I don't know if the term accuracy was affected is the correct wording or not. I believe it was do with the distance of point of impact of the projectile in relation to the sight setting. If you fire 10 rounds,you could have a good groupings,just higher or lower on the target. What caused this could be harmonics,they do have a forend stud and spring to give upward pressure on the barrel. All Enfields were sighted this way because when the Brit army (especially in the Great War) was ordered to "stand to arms",preceding that the order "fix bayonets" was issued. The Brit's excelled at volley fire,where the officer or NCO would shout the range and a couple of hundred Enfields would bang off and hit the "beaten zone" with deadly results as a trained soldier could fire 15-20 aimed rounds in 1 minute. The German's thought they were facing multiple machine guns.
 
^
Yup. Push in slightly on the button and it becomes possible to move the rear sight in small amount as needed.
 
The wheel on the right is one of those small parts that does not like the various storage greases or the wartime paints that got applied. Once working right it really works right, easy to turn as a fine range adjuster. But it might take removal and soaking for a while to get it to work.

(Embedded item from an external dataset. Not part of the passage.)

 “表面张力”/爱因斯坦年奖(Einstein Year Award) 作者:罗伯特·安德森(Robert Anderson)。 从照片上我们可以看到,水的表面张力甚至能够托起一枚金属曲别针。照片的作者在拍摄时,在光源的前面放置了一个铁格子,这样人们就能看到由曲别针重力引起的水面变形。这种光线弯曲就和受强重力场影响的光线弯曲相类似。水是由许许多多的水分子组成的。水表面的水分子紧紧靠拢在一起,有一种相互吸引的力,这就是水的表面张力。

I've had a couple so broken I was 100% positive they had a metal issue, threads are broken. First cleaned them and... they worked fine then.
 
The wheel on the right is one of those small parts that does not like the various storage greases or the wartime paints that got applied. Once working right it really works right, easy to turn as a fine range adjuster. But it might take removal and soaking for a while to get it to work.

I've had a couple so broken I was 100% positive they had a metal issue, threads are broken. First cleaned them and... they worked fine then.

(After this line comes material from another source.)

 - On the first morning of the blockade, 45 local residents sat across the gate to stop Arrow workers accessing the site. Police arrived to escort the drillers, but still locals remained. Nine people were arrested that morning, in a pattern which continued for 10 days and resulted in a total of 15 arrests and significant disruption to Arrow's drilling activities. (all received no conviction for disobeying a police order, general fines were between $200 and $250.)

Is there a video or tutorial on how to disassemble and clean one?
 
In case I wasn't clear: I have never risked trying to disassemble this small fussy looking thing, and the whole sight assembly is pinned and brazed on; people change them out but I haven't done that.

When I cleaned those I mentioned, I just soaked them for a week or so. Not immersed, as it's on the gun, but rags under it and around some bits, drip cleaning fluids and then oil on it every time I walk by, periodically scrub with toothbrush to remove gunk, carefully (for cleanliness, your eyes and clothes) blow it out with shop air, and so on.
 
Try some Kroil on it if you have some, that stuff works great. As @shoobe01 said just work on it on the rifle, it should free up with some soaking, brushing and compressed air.
 
do you mean the presence or absence of a bayonet is going to affect the accuracy? Is that due to barrel harmonics or is the bayonet putting stress on the barrel somewhere?

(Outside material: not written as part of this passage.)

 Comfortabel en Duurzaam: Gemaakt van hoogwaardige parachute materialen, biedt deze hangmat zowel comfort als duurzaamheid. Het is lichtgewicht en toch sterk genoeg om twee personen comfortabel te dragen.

He's actually referring to the government specification for how the sight is calibrated.
SMLE barrel--if memory serves--is "fitted" (UK term-of-art is "fettled") with stock contact at three points, receiver, mid-barrel, and stock cap.
With the bayonet fixed, the end cap bears down more than without.
Change of POI is enough to table (it's online somewhere) but well withing the 3-4 MOA acceptance standard the UK used. I want to remember--and may well be wrong--the change withe/without bayonet is around 1/2 to 3/4 MOA.
 
I'm soaking it in mineral spirits right now. Will check it out in about 20 hours. Brush it down, blow it out and apply some Rem-oil. Hopefully that will rejuvenate it.